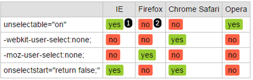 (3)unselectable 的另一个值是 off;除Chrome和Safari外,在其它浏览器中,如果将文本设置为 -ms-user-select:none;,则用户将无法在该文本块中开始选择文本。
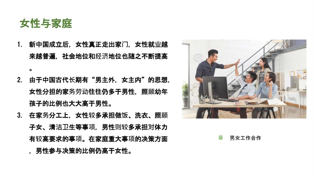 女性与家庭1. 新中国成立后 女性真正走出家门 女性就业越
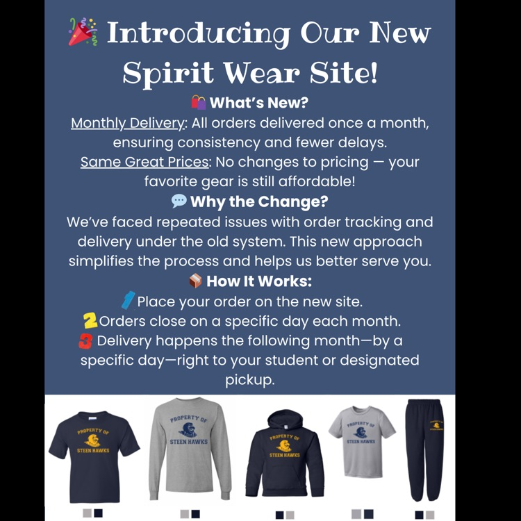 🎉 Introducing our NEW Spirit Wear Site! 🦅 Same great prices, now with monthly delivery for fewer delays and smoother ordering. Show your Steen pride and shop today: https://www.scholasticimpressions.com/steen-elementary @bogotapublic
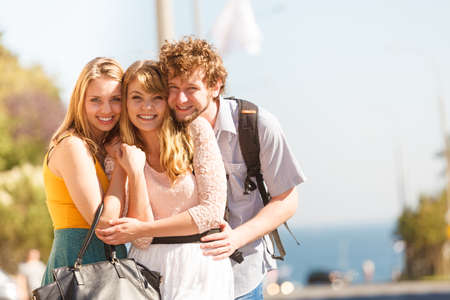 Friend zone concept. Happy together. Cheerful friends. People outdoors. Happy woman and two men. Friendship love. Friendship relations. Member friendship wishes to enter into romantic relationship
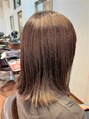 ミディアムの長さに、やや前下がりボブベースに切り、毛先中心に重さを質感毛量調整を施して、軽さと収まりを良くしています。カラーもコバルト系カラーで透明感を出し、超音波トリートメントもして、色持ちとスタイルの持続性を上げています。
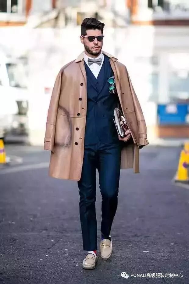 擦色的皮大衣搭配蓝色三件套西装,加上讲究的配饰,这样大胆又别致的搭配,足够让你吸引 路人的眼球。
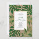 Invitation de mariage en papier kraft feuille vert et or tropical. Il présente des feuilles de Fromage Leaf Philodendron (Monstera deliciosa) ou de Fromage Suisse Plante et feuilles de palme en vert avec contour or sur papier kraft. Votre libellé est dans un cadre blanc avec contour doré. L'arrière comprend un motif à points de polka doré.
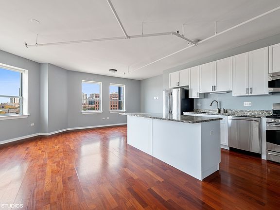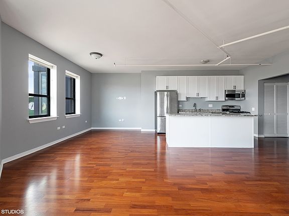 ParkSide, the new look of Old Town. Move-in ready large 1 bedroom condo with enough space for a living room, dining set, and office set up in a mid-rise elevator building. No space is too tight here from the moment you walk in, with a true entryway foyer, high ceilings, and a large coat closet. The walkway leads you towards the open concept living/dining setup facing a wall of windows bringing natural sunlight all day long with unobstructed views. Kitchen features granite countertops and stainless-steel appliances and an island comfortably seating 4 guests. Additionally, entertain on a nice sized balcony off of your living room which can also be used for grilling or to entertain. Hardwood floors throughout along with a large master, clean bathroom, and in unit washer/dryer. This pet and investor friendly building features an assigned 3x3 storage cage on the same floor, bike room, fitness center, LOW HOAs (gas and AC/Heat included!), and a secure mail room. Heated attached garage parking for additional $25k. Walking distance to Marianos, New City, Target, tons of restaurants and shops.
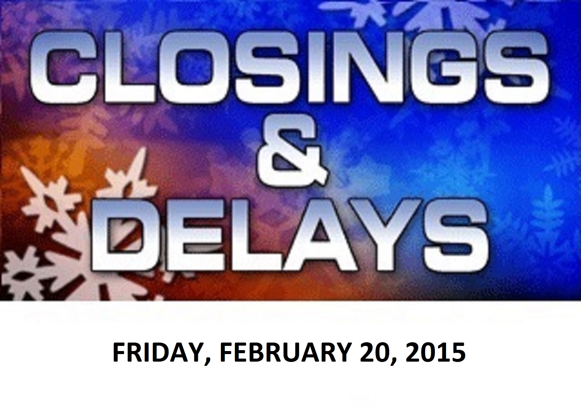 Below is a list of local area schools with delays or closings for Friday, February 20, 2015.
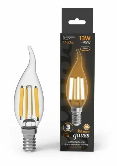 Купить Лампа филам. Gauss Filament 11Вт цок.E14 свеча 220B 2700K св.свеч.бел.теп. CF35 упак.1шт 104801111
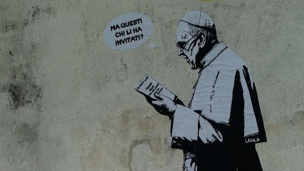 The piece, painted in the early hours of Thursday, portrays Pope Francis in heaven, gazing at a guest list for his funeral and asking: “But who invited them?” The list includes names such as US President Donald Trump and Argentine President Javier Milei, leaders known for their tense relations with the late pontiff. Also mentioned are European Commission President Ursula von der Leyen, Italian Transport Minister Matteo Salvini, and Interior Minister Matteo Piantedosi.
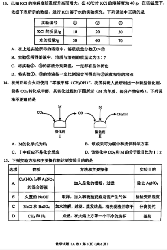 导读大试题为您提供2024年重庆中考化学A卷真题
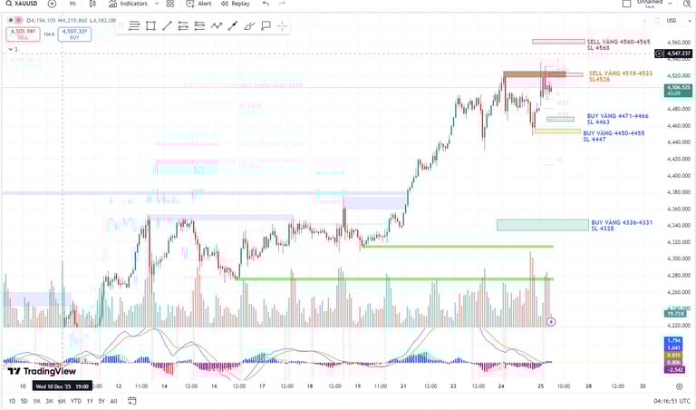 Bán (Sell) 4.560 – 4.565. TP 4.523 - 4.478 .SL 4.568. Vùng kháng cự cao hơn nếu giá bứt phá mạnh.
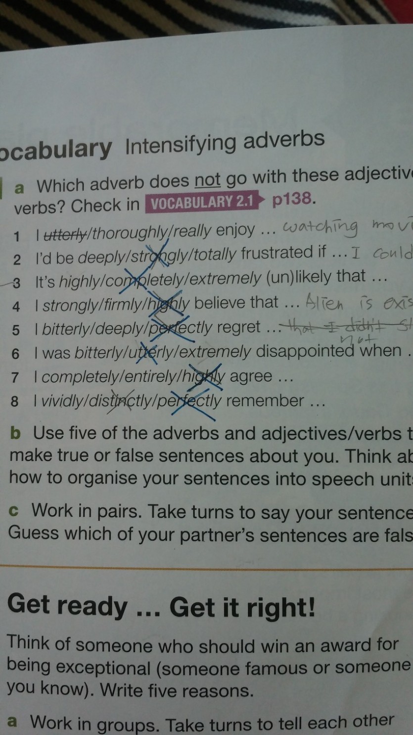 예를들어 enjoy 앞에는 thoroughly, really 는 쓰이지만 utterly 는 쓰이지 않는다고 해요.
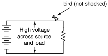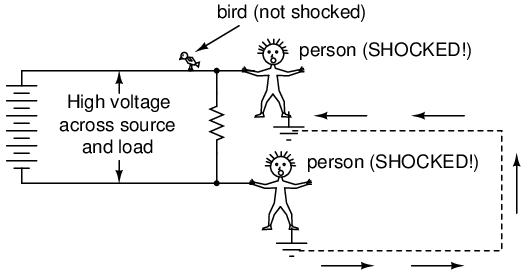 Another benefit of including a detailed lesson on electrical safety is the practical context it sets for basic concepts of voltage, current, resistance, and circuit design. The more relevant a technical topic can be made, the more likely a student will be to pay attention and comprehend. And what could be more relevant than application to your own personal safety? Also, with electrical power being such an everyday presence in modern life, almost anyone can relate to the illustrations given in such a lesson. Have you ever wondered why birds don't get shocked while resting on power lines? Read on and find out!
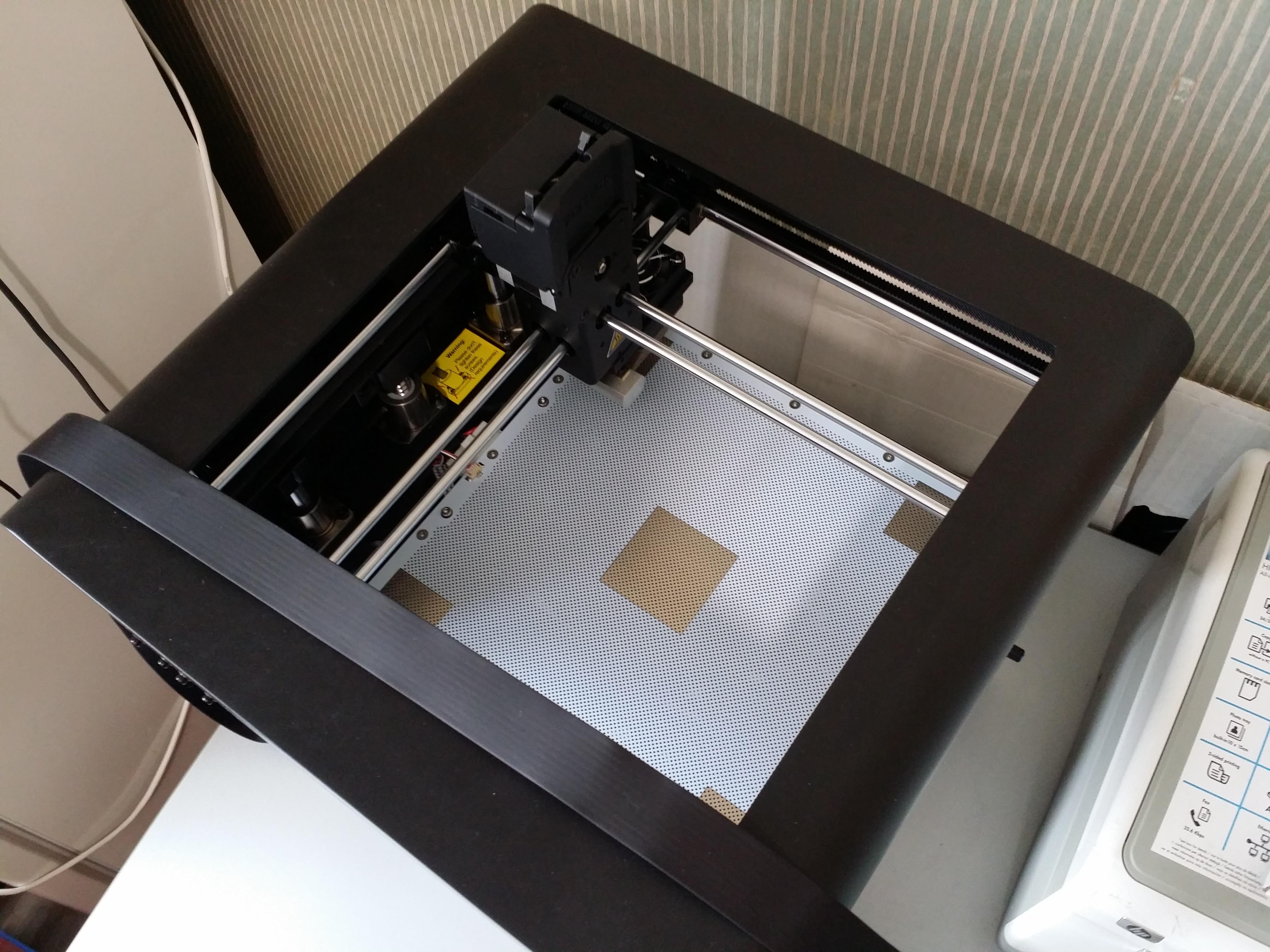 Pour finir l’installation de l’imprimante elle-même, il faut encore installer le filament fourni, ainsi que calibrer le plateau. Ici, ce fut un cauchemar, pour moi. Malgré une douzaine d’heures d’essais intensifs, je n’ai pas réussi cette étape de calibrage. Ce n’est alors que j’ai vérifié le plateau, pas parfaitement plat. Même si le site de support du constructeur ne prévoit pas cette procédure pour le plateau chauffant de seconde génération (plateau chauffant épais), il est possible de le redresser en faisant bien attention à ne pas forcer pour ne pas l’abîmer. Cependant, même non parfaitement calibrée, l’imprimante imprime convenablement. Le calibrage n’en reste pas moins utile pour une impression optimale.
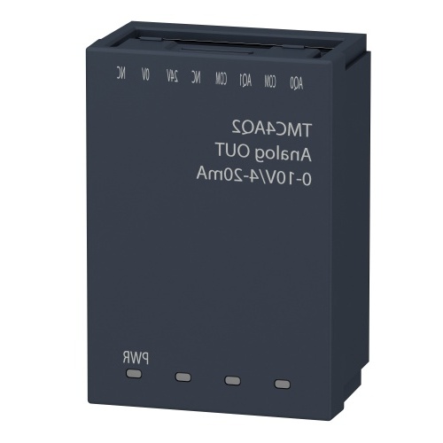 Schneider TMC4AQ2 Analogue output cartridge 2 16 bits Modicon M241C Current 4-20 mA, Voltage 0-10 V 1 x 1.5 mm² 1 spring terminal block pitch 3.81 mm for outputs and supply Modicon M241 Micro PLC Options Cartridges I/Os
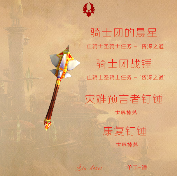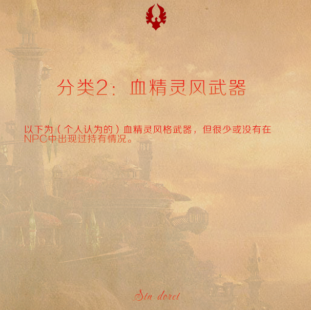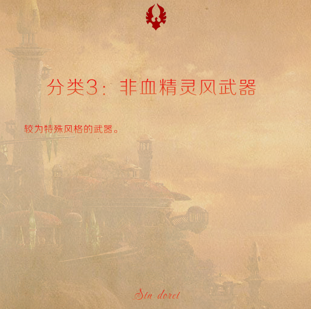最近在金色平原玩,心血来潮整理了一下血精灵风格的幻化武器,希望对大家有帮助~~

## Directions for this task
Give back the exact lines above, running from the one that has "女性与家庭1. 新中国成立后 女性真正走出家门 女性就业越" through the one that has "Купить Лампа филам.", with nothing added and no pictures.

## Output of the exercise
 女性与家庭1. 新中国成立后 女性真正走出家门 女性就业越
 🎉 Introducing our NEW Spirit Wear Site! 🦅 Same great prices, now with monthly delivery for fewer delays and smoother ordering. Show your Steen pride and shop today: https://www.scholasticimpressions.com/steen-elementary @bogotapublic
 Friend zone concept. Happy together. Cheerful friends. People outdoors. Happy woman and two men. Friendship love. Friendship relations. Member friendship wishes to enter into romantic relationship
 ミディアムの長さに、やや前下がりボブベースに切り、毛先中心に重さを質感毛量調整を施して、軽さと収まりを良くしています。カラーもコバルト系カラーで透明感を出し、超音波トリートメントもして、色持ちとスタイルの持続性を上げています。
 擦色的皮大衣搭配蓝色三件套西装,加上讲究的配饰,这样大胆又别致的搭配,足够让你吸引 路人的眼球。
 Invitation de mariage en papier kraft feuille vert et or tropical. Il présente des feuilles de Fromage Leaf Philodendron (Monstera deliciosa) ou de Fromage Suisse Plante et feuilles de palme en vert avec contour or sur papier kraft. Votre libellé est dans un cadre blanc avec contour doré. L'arrière comprend un motif à points de polka doré.
 ParkSide, the new look of Old Town. Move-in ready large 1 bedroom condo with enough space for a living room, dining set, and office set up in a mid-rise elevator building. No space is too tight here from the moment you walk in, with a true entryway foyer, high ceilings, and a large coat closet. The walkway leads you towards the open concept living/dining setup facing a wall of windows bringing natural sunlight all day long with unobstructed views. Kitchen features granite countertops and stainless-steel appliances and an island comfortably seating 4 guests. Additionally, entertain on a nice sized balcony off of your living room which can also be used for grilling or to entertain. Hardwood floors throughout along with a large master, clean bathroom, and in unit washer/dryer. This pet and investor friendly building features an assigned 3x3 storage cage on the same floor, bike room, fitness center, LOW HOAs (gas and AC/Heat included!), and a secure mail room. Heated attached garage parking for additional $25k. Walking distance to Marianos, New City, Target, tons of restaurants and shops.
 Below is a list of local area schools with delays or closings for Friday, February 20, 2015.
 Купить Лампа филам. Gauss Filament 11Вт цок.E14 свеча 220B 2700K св.свеч.бел.теп. CF35 упак.1шт 104801111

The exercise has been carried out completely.